Portal Data Flow¶
To understand how data arrives on the portal, it is necessary to understand the different components that data must flow through.
Source Data¶
Data arrives through various methods in various formats. Delivery methods are often csv, tsv, spreadsheets, or text either sent through email, or placed in internet accessible storage.
Ingestion¶
Source documents contain data that must be extracted into the Data Service’s data model. Due to the variable nature of the source data, extraction requires manual evaluation by one familiar with the Data Service’s model. Extraction can be performed with the aid of the Data Ingest Library.
Data Service¶
The Data Service acts as both the data access layer as well as defines the data model for internal representation of the data. It exposes data via an http REST API.
Data Release¶
There is a hard limit before data moves on in its lifecycle. Progressing further in this pipeline from here will result in the data being made public.

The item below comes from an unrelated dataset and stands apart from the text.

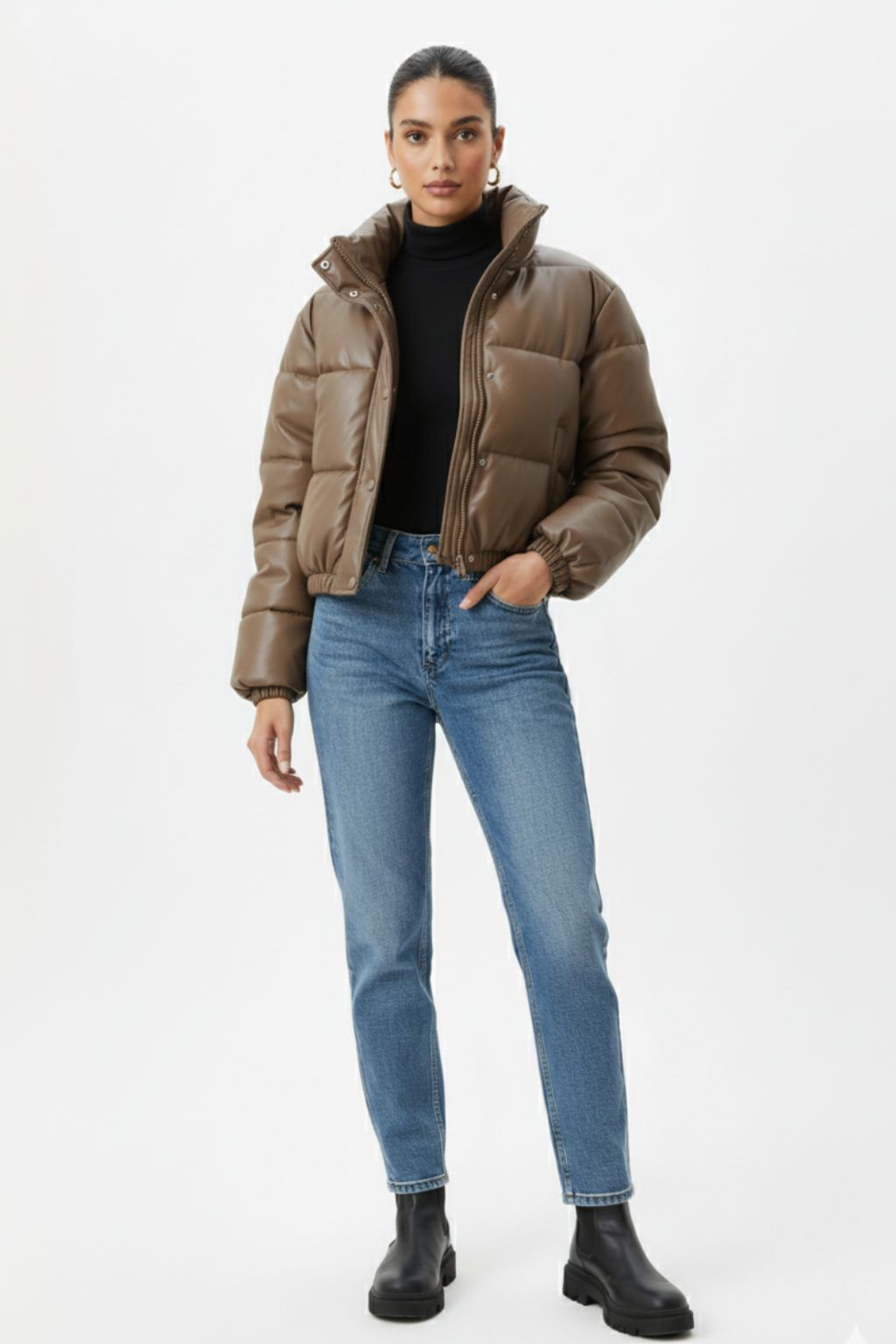 Stay warm and stylish in this Padded Polyester Puffer Jacket. Made of 100% Polyester, this jacket is perfect for cold weather with its down insulation. The simple design and stand collar add a touch of elegance, making it suitable for any occasion. Stay cozy and chic all season long.

Read more about Data Releases
Portal ETL¶
The Portal ETL transforms data within the Data Service to a form that is efficient for filtering by the end user and stores it inside Elastic Search. The ETL process is highly dependent on the Data Service’s data model and can suffer catastrophic failure when the Data Service’s data model changes in non-compatible ways.
Arranger¶
Arranger as a graphQL API that exposes data within Elastic Search to the portal interface. Arranger is highly dependent on the data model within Elastic Search. If the shape of Elastic Search indices change, the Arranger API may cause errors until the data has been re-indexed by the Portal ETL to the correct shape, or Arranger has been configured with the correct shape.
Portal¶
The portal communicates with Arranger to fetch data depending on various filters and search terms that the user has entered.